Hunt through the entries for the word "that" and copy each line in which it appears.

[Data to process]:
######
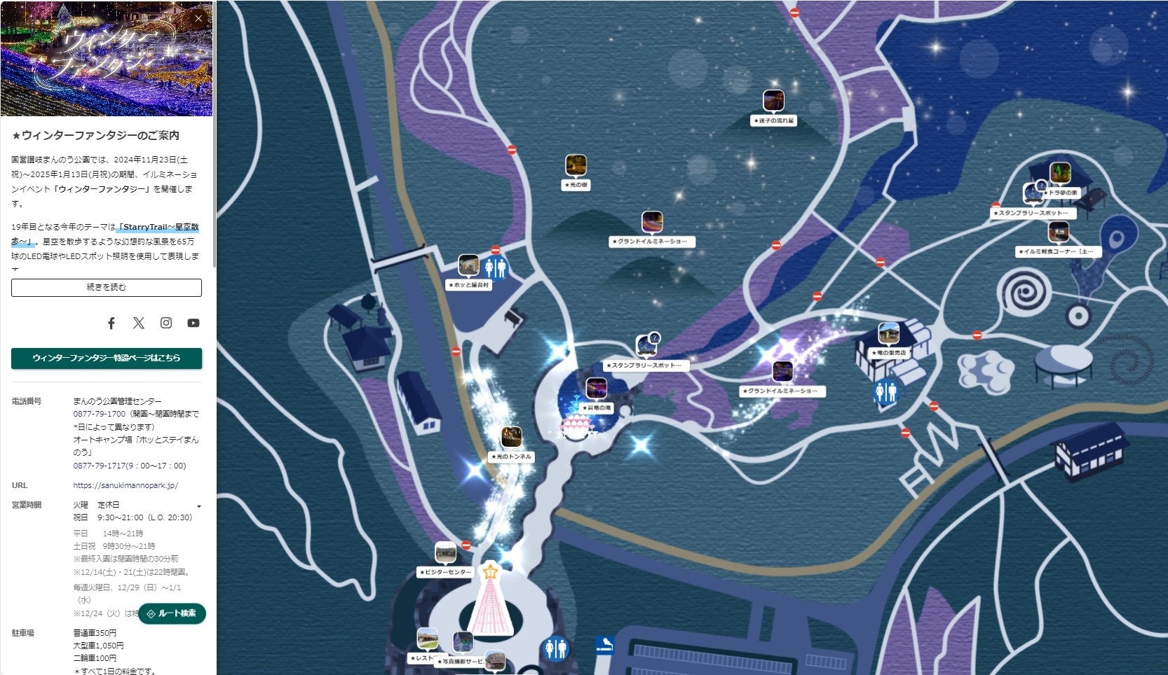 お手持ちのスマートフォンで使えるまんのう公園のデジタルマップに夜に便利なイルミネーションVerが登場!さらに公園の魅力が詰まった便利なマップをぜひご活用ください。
######
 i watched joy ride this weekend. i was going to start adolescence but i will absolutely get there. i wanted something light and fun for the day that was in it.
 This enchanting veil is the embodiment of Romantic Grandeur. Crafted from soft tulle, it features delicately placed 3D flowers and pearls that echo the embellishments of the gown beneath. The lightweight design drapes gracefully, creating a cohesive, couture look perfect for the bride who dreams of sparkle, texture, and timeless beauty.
######
[Solution to the problem]:
 i watched joy ride this weekend. i was going to start adolescence but i will absolutely get there. i wanted something light and fun for the day that was in it.
 This enchanting veil is the embodiment of Romantic Grandeur. Crafted from soft tulle, it features delicately placed 3D flowers and pearls that echo the embellishments of the gown beneath. The lightweight design drapes gracefully, creating a cohesive, couture look perfect for the bride who dreams of sparkle, texture, and timeless beauty.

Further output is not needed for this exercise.